Posted on:2008-08-01Degree:Ph.DType:Dissertation
University:The University of Wisconsin - MilwaukeeCandidate:Dryer, Dylan BFull Text:PDF
GTID:1445390005473409Subject:Education
Abstract/Summary:
Over the last quarter-century, genre studies has profited from and contributed to the widespread interest of critical social theorists in the production and maintenance and transformation of social structures. Much contemporary genre theory, however, is limited in its usefulness by persistent functionalist thinking about motive, intention, and constraint. In advancing theories of the social, many conversations about the circulation of textual forms conflate outcome with intention, or consequence with design, and thus over-attribute agency to writers and structure to genre.

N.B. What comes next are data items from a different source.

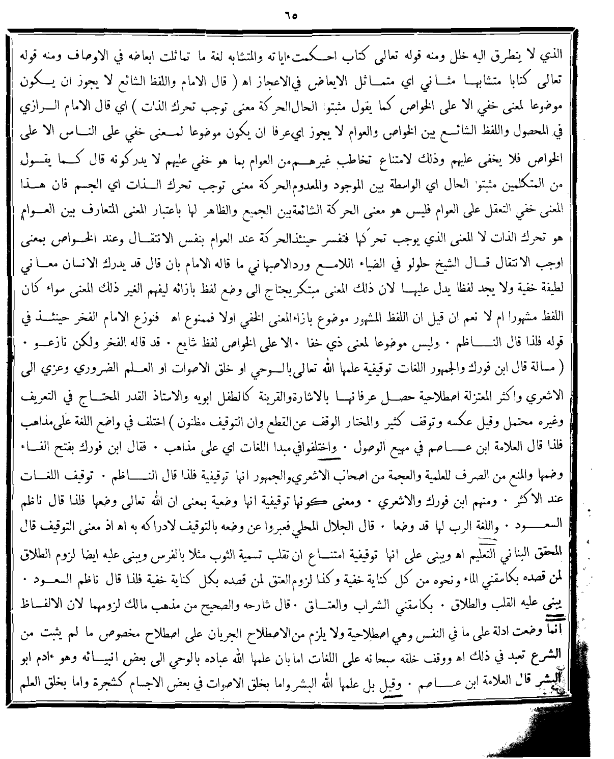 الذي لا يتطرق اليه خلل ومنه قوله تعالى (كِتَابٌ أُحْكِمَتْ آَيَاتُهُ) والمتشابه لغة ما تماثلت ابعاضه فى الاوصاف ومنه قوله تعالى (كِتَابًا مُتَشَابِهًامَثَانِيَ) أي متماثل الابعاض فى الاعجاز اه. (قَالَ الْإِمَامُ وَاللَّفْظُ الشَّائِعُ (لَا يَجُوزُ أَنْ يَكُونَ مَوْضُوعًا لِمَعْنًى خَفِيٍّ إلَّا عَلَى الْخَوَاصِّ كَمَا يَقُولُ مُثْبِتُو الْحَالِ الْحَرَكَةُ مَعْنًى تُوجِبُ تَحَرُّكَ الذَّاتِ) أي قال الامام الرازي فى المحصول واللفظ الشائع بين الخواص والعوام لا يجوز أي عرفا ان يكون موضوعا لمعنى خفي على الناس الا على الخواص فلا يخفى عليهم وذلك لامتناع تخاطب غيرهم من العوام بما هو خفى عليهم لا يدركونه قال كما يقول من المتكلمين مثبتوالحال أي الواسطة بين الموجود والمعدوم الحركة معنى توجب تحرك الذات أي الجسم فان هذا المعنى خفى على العوام فليس هو معنى الحركة الشائعة بين الجميع والظاهر لها باعتبار المعنى المتعارف بين العوام هوتحرك الذات لاالمعنى الذي يوجب تحركها فتفسر حينئذ الحركة عند العوام بنفس الانتقال وعند الخواص بمعنى اوجب الانتقال قال الشيخ حلولو فى الضياء اللامع ورد الاصبهانى ما قاله الامام بان قال قد يدرك الانسان معانى لطيفة خفية ولايجد لفظا يدل عليها لان ذلك المعنى مبتكر يحتاج الى وضع لفظ بازائه ليفهم الغير ذلك المعنى سواء كان اللفظ مشهورا ام لا نعم ان قيل ان اللفظ المشهور موضوع بازاء المعنى الخفى اولافممنوع اه. قد قاله الفخر حينئذ فى قوله فلذا قال الناظم:
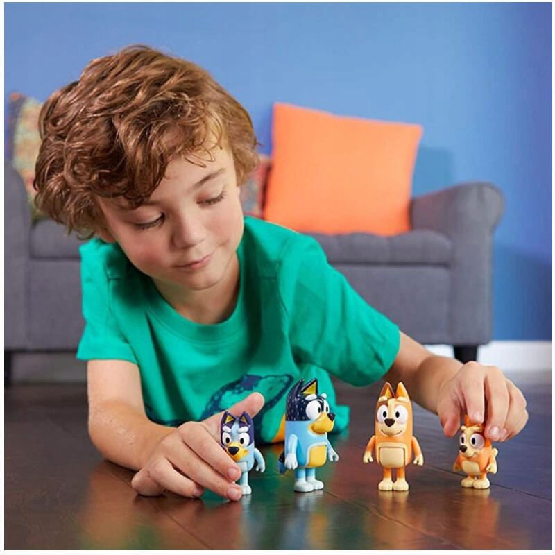 Включно з усіма чотирма членами сім’ї Блуі: Блюі, Бінго, Бандитом (тато) і Чілі (мама) . Додайте 4 друзів Блуї та Бінго: Коко, Снікерс, Расті та Маффін. Є багато наборів іграшок та аксесуарів, які збагатять світ Bluey's.
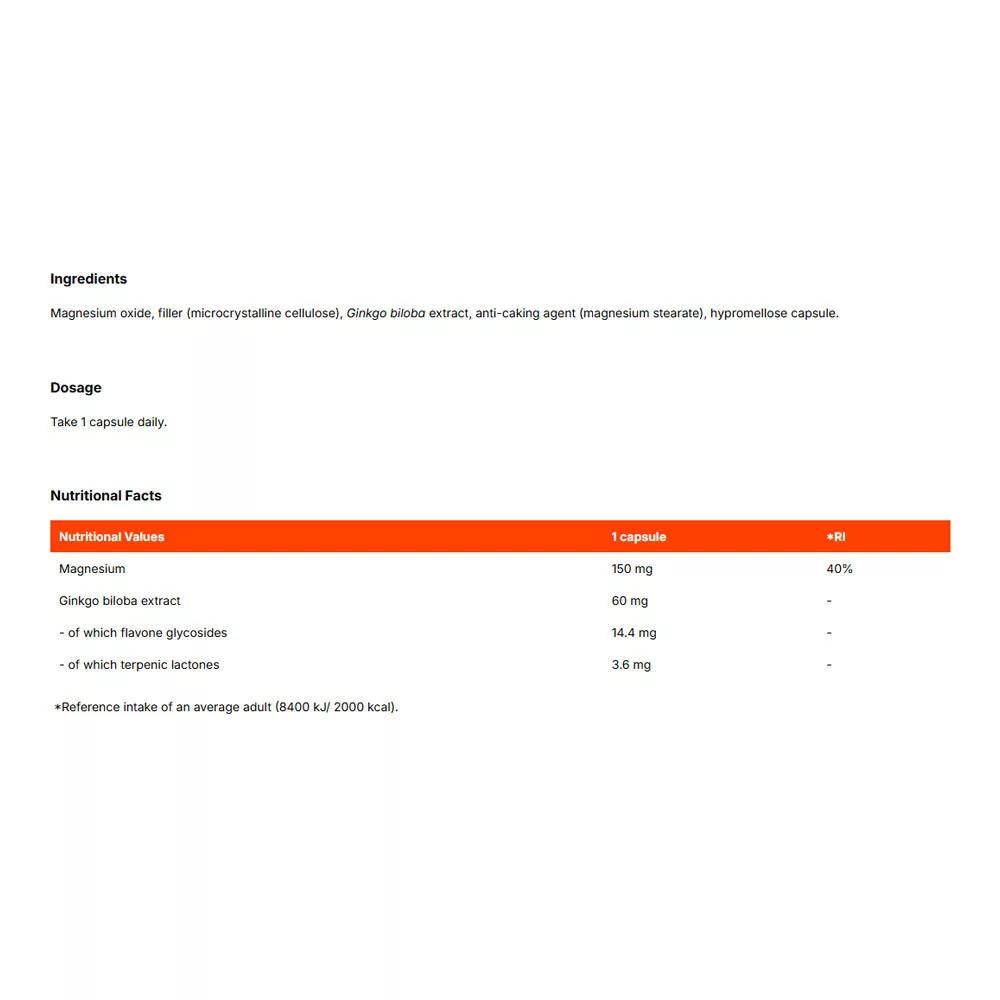 Vereint Magnesium und Ginkgo-Biloba-Extrakt zur Unterstützung der Nerven- und Energiegesundheit
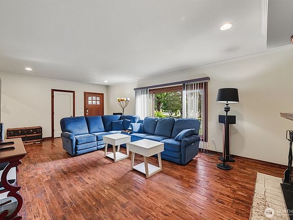 Wood fireplaceUpdated kitchenGorgeous acacia wood floorsLevel open yard
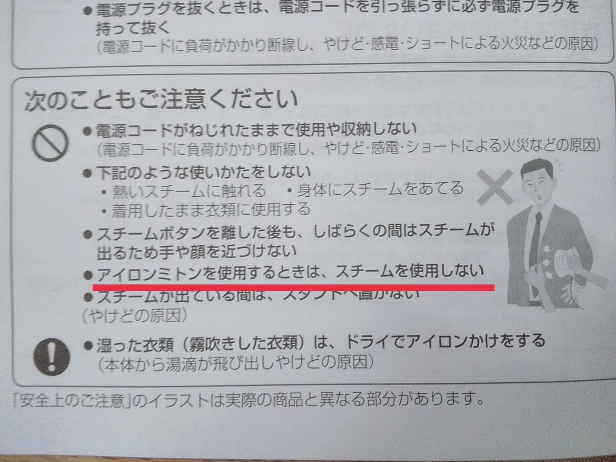 使用する際は、スチーム機能の使い方に注意してください。所有しているスチーマーの説明書には「アイロンミトンを使用するときは、スチームを使用しない」と注意書きがありました。
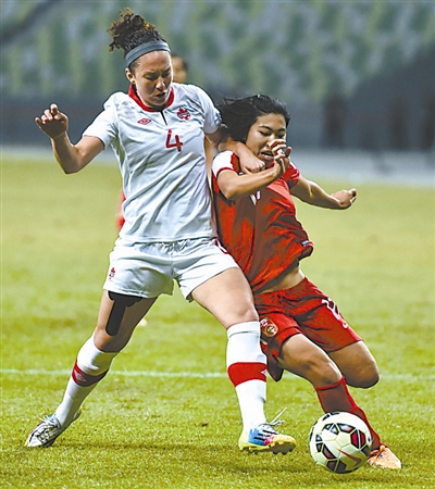 1月15日,在“宝安杯”2015中国足协深圳国际女足邀请赛中,中国队以1比2不敌加拿大队。三场比赛1平2负,最终获得第三名。图为中国队球员古雅沙(右)在比赛中拼抢。新华社记者 毛思倩 摄
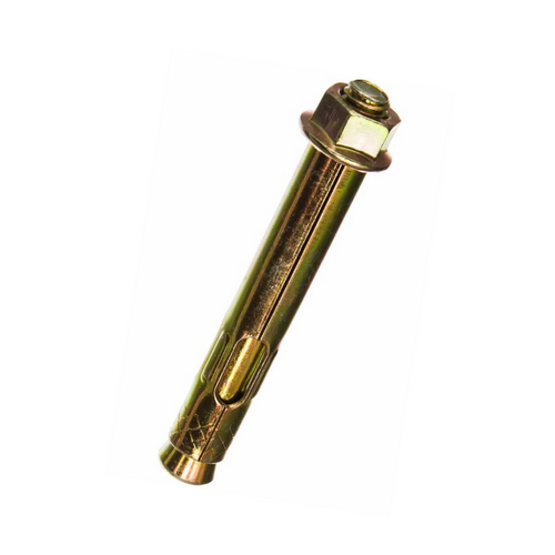 Анкерный болт с гайкой применяется при монтаже различных элементов конструкций в основания из полнотелого бетона, кирпича и камня. Для установки анкерного болта с гайкой сверлится отверстие. Для закручивания гайки используется ключ. Анкерный болт с гайкой представляет собой цилиндрическую гильзу состоящую из трех элементов и шпильки, на одном конце которой находится конусный элемент. При закручивании гайки, конусная часть шпильки расширяет элементы гильзы, и фиксирует анкер в основании. Анкер болт со шпилькой и гайкой произведён из углеродистой стали и электрооцинкован. Цинковое покрытие имеет жёлтый цвет.

Drawing on recent work in spatial theory and composition studies' growing interest in what some compositionists call writers' "discursive resources," I propose in this dissertation a way of talking about genre uptake that does justice to the complexity of genre-structure and to writers' agency in composing within such structures. I test the viability of this way of talking about genre in three case-studies of genre uptake: a writing classroom, an administrative reform, and part of a "community outreach" initiative of the Milwaukee Department of City Development. Based on my findings, I conclude by outlining a rhetorical methodology for institutional transformation through genre intervention.